#### The data
____
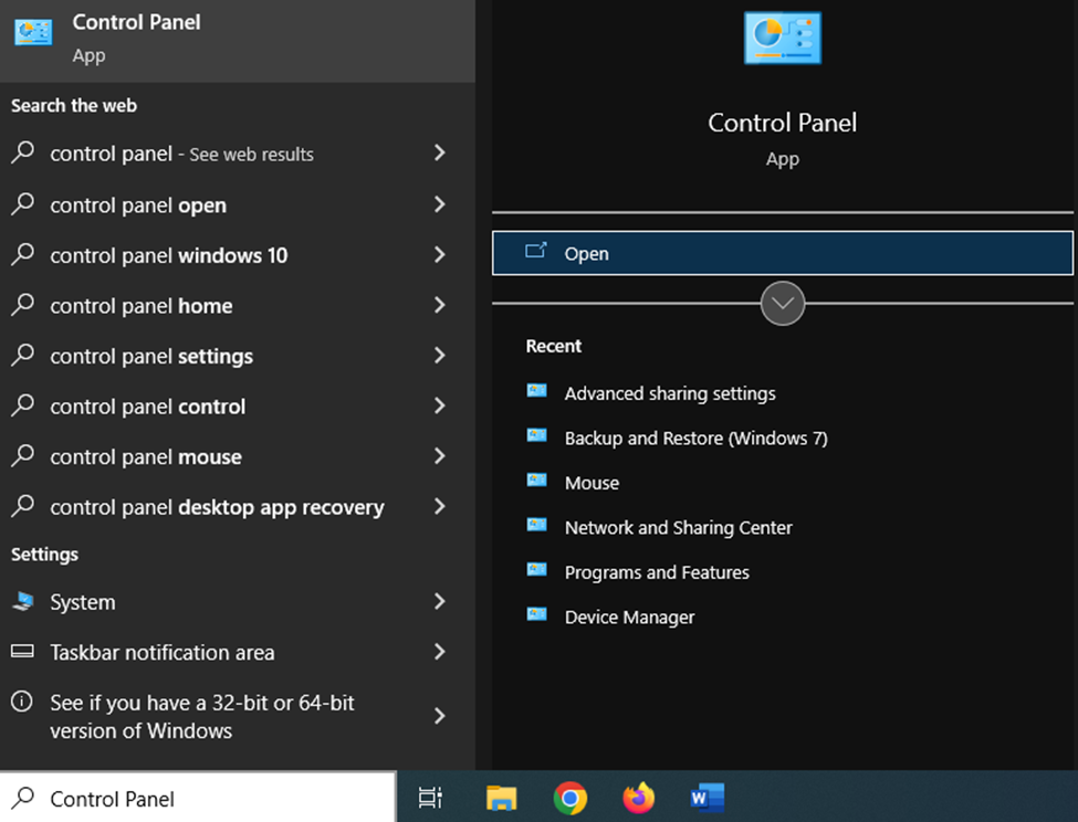 Go to the Windows Start menu and search for Control Panel, then click on it to open it:
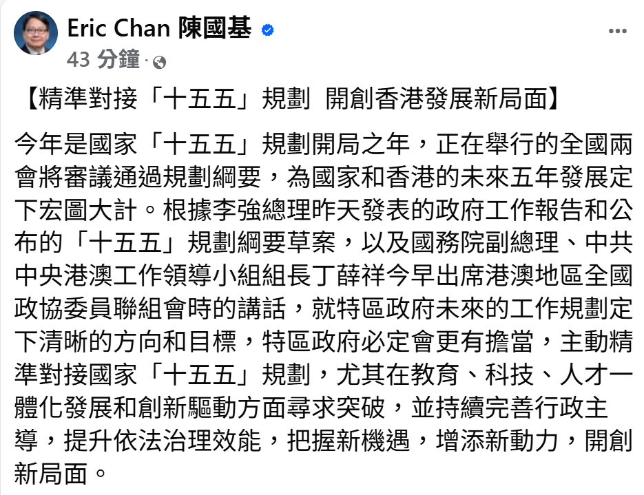 陳國基社交媒體專頁截圖 陳國基說,根據李強總理5日發表的政府工作報告和公布的“十五五”規劃綱要草案,以及國務院副總理、中共中央港澳工作領導小組組長丁薛祥今早出席港澳地區全國政協委員聯組會時的講話,就特區政府未來的工作規劃定下清晰的方向和目標,特區政府必定會更有擔當,主動精準對接國家“十五五”規劃,尤其在教育、科技、人才一體化發展和創新驅動方面尋求突破,並持續完善行政主導,提升依法治理效能,把握新機遇,增添新動力,開創新局面。 陳國基表示,去年12月習近平主席聽取行政長官述職報告時強調,香港要主動對接國家“十五五”規劃。現在規劃綱要即將通過,特區政府要結合政府工作報告,第一時間深入研究、全面把握規劃的主要目標指標、重大戰略任務、重大工程項目,準確領會規劃綱要港澳專章的總體要求和具體重點,在這個基礎上,統籌好各部門和各方各界的力量,著眼國家大局,結合香港實際情況,在行政長官的帶領下全速制定香港的第一個五年規劃,與國家發展精準對接,充分發揮香港的獨特優勢。 他指,特區政府亦要切實改革創新,整體推進教育、科技、人才一體化發展。“十五五”規劃和政府工作報告明確提出一體推進教科才發展的總體目標和措施,並具體提出支持香港建設國際創新科技中心、加快北部都會區建設、打造國際高端人才集聚高地等。他表示,由他主持的教育、科技和人才委員會,過去一年多已統籌多個特區政府部門和專上院校、專家學者,在教科才的協同發展方面推出一系列措施,取得初步成效。在此基礎上,特區政府將按照規劃綱要的要求和香港五年規劃的部署,進一步改革創新,加速香港國際創新科技中心建設,深化與內地的產學研創新協同,並全力高質量建設北都大學城,為香港高質量發展注入新動力。 他說,全力擔當作為,堅持和完善行政主導亦尤其重要。堅持和完善行政主導,是不斷提升香港特區依法治理效能的關鍵。特區政府會做好特區治理第一責任人的角色,把握大局,以更宏觀的思維規劃,充分發揮好香港背靠祖國、聯通世界的獨特優勢和重要作用;同時要善用立法會監督和配合施政的職能,推動社會各界、廣大市民支持、參與特區政府依法治理,讓行政主導發揮最大效能。 陳國基表示,國家“十五五”規劃為香港發展帶來前所未有的龐大發展機遇。在行政長官的領導下,政務司會全速推進對接工作,團結一心、奮發作為,在國家發展大局中發揮更大作用,也讓香港創造更輝煌的未來。(完) 【編輯:梁嘉軒】
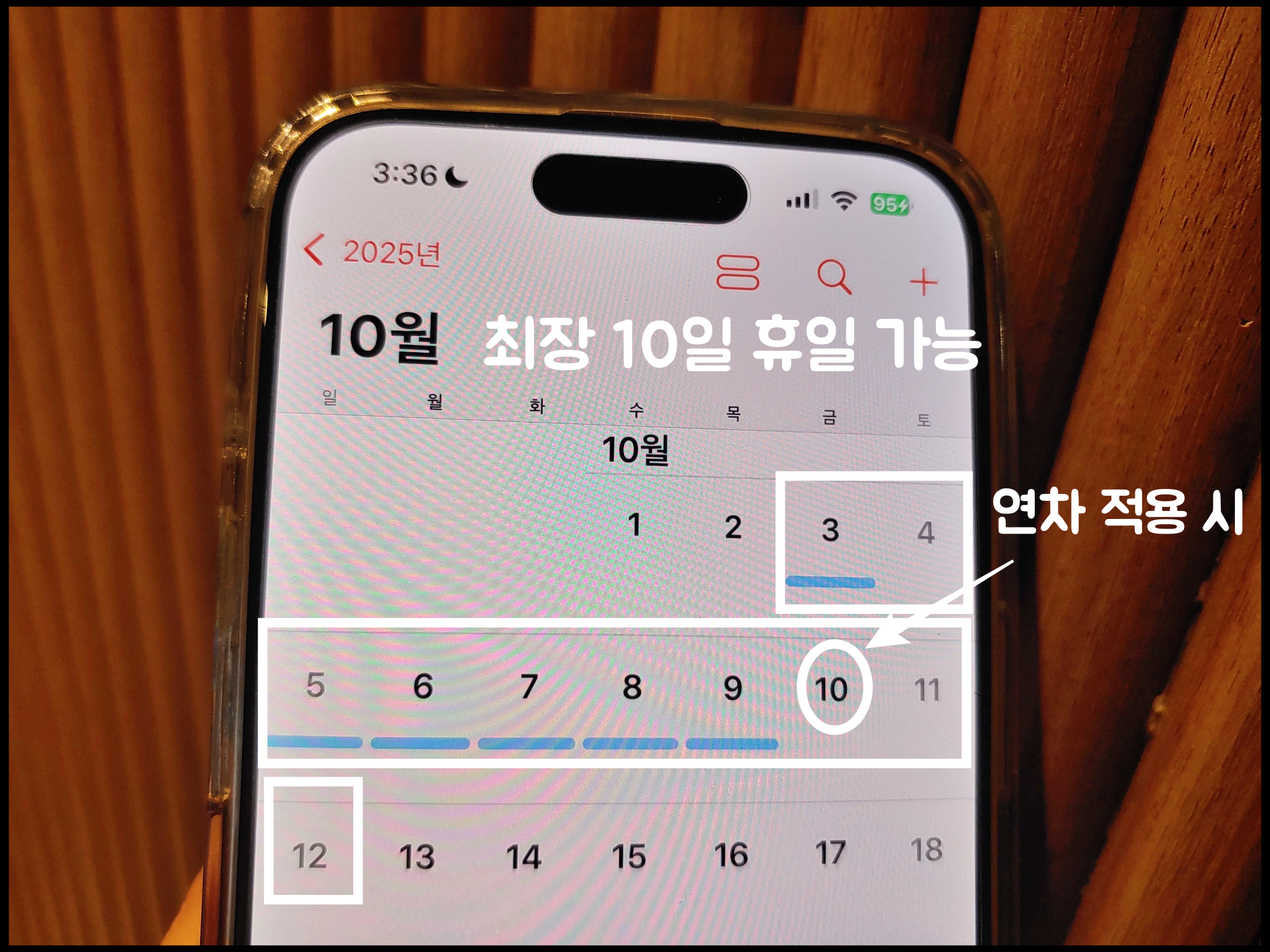 10월 3일(금) 개천절, 10월 4일(토) 주말, 10월 5~7일(일~화) 추석 연휴, 10월 8일(수) 대체공휴일, 10월 9일(목) 한글날, 10월 10일(금) 연차, 10월 11~12일(토~일) 주말. 총 10일
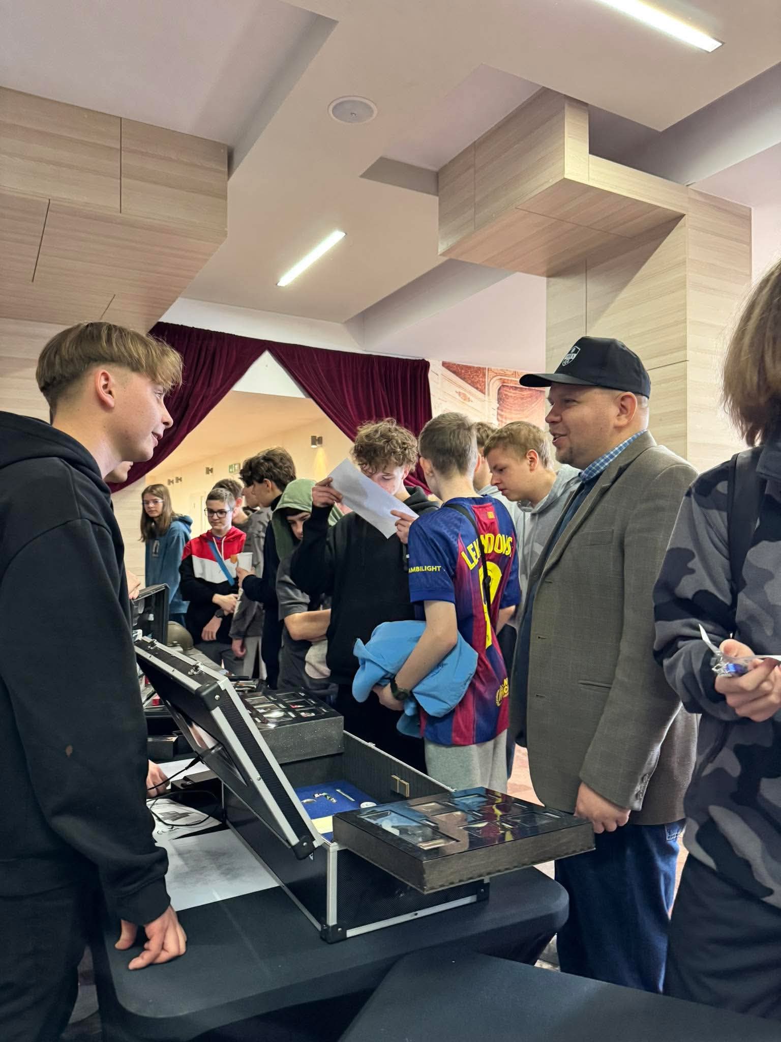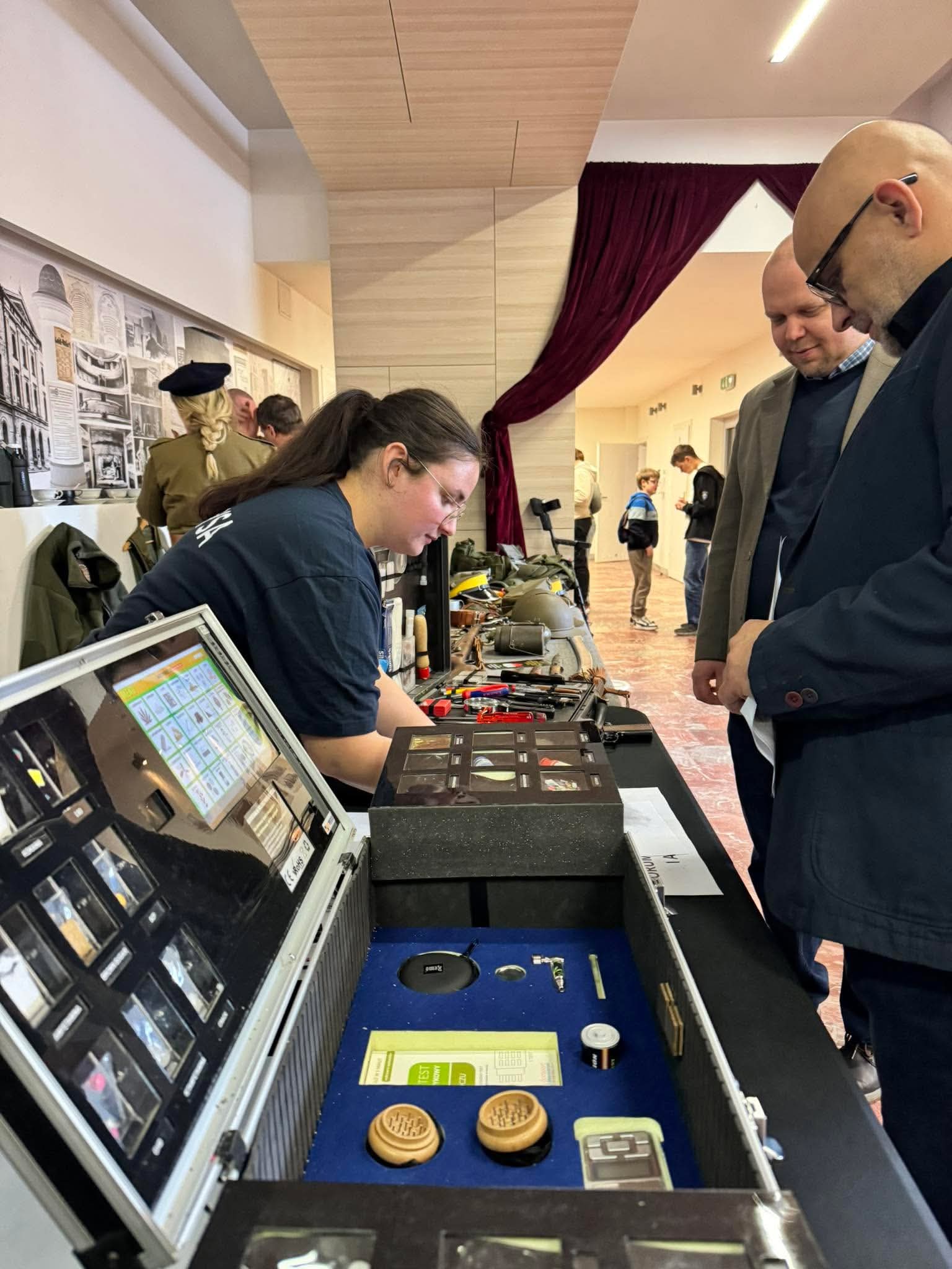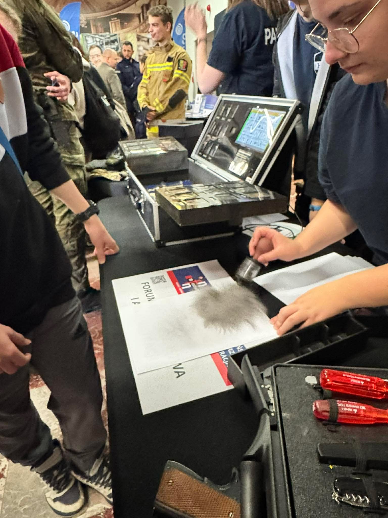 Na naszym stanowisku odwiedzający mogli zapoznać się z teczką kryminalistyczną – profesjonalnym zestawem narzędzi wykorzystywanym przez ekspertów policja w pracy na miejscu zdarzenia. Dużym zainteresowaniem cieszyły się również pokazy metod wykrywania śladów przestępstw, w tym daktyloskopii, czyli technik ujawniania i analizy odcisków palców Uczestnicy mieli okazję zobaczyć, jak w praktyce wygląda zabezpieczanie materiału dowodowego.
____
#### Work to complete
Reproduce the listing above exactly, excluding all pictures.

#### Exercise result
 Go to the Windows Start menu and search for Control Panel, then click on it to open it:
 陳國基社交媒體專頁截圖 陳國基說,根據李強總理5日發表的政府工作報告和公布的“十五五”規劃綱要草案,以及國務院副總理、中共中央港澳工作領導小組組長丁薛祥今早出席港澳地區全國政協委員聯組會時的講話,就特區政府未來的工作規劃定下清晰的方向和目標,特區政府必定會更有擔當,主動精準對接國家“十五五”規劃,尤其在教育、科技、人才一體化發展和創新驅動方面尋求突破,並持續完善行政主導,提升依法治理效能,把握新機遇,增添新動力,開創新局面。 陳國基表示,去年12月習近平主席聽取行政長官述職報告時強調,香港要主動對接國家“十五五”規劃。現在規劃綱要即將通過,特區政府要結合政府工作報告,第一時間深入研究、全面把握規劃的主要目標指標、重大戰略任務、重大工程項目,準確領會規劃綱要港澳專章的總體要求和具體重點,在這個基礎上,統籌好各部門和各方各界的力量,著眼國家大局,結合香港實際情況,在行政長官的帶領下全速制定香港的第一個五年規劃,與國家發展精準對接,充分發揮香港的獨特優勢。 他指,特區政府亦要切實改革創新,整體推進教育、科技、人才一體化發展。“十五五”規劃和政府工作報告明確提出一體推進教科才發展的總體目標和措施,並具體提出支持香港建設國際創新科技中心、加快北部都會區建設、打造國際高端人才集聚高地等。他表示,由他主持的教育、科技和人才委員會,過去一年多已統籌多個特區政府部門和專上院校、專家學者,在教科才的協同發展方面推出一系列措施,取得初步成效。在此基礎上,特區政府將按照規劃綱要的要求和香港五年規劃的部署,進一步改革創新,加速香港國際創新科技中心建設,深化與內地的產學研創新協同,並全力高質量建設北都大學城,為香港高質量發展注入新動力。 他說,全力擔當作為,堅持和完善行政主導亦尤其重要。堅持和完善行政主導,是不斷提升香港特區依法治理效能的關鍵。特區政府會做好特區治理第一責任人的角色,把握大局,以更宏觀的思維規劃,充分發揮好香港背靠祖國、聯通世界的獨特優勢和重要作用;同時要善用立法會監督和配合施政的職能,推動社會各界、廣大市民支持、參與特區政府依法治理,讓行政主導發揮最大效能。 陳國基表示,國家“十五五”規劃為香港發展帶來前所未有的龐大發展機遇。在行政長官的領導下,政務司會全速推進對接工作,團結一心、奮發作為,在國家發展大局中發揮更大作用,也讓香港創造更輝煌的未來。(完) 【編輯:梁嘉軒】
 10월 3일(금) 개천절, 10월 4일(토) 주말, 10월 5~7일(일~화) 추석 연휴, 10월 8일(수) 대체공휴일, 10월 9일(목) 한글날, 10월 10일(금) 연차, 10월 11~12일(토~일) 주말. 총 10일
 Na naszym stanowisku odwiedzający mogli zapoznać się z teczką kryminalistyczną – profesjonalnym zestawem narzędzi wykorzystywanym przez ekspertów policja w pracy na miejscu zdarzenia. Dużym zainteresowaniem cieszyły się również pokazy metod wykrywania śladów przestępstw, w tym daktyloskopii, czyli technik ujawniania i analizy odcisków palców Uczestnicy mieli okazję zobaczyć, jak w praktyce wygląda zabezpieczanie materiału dowodowego.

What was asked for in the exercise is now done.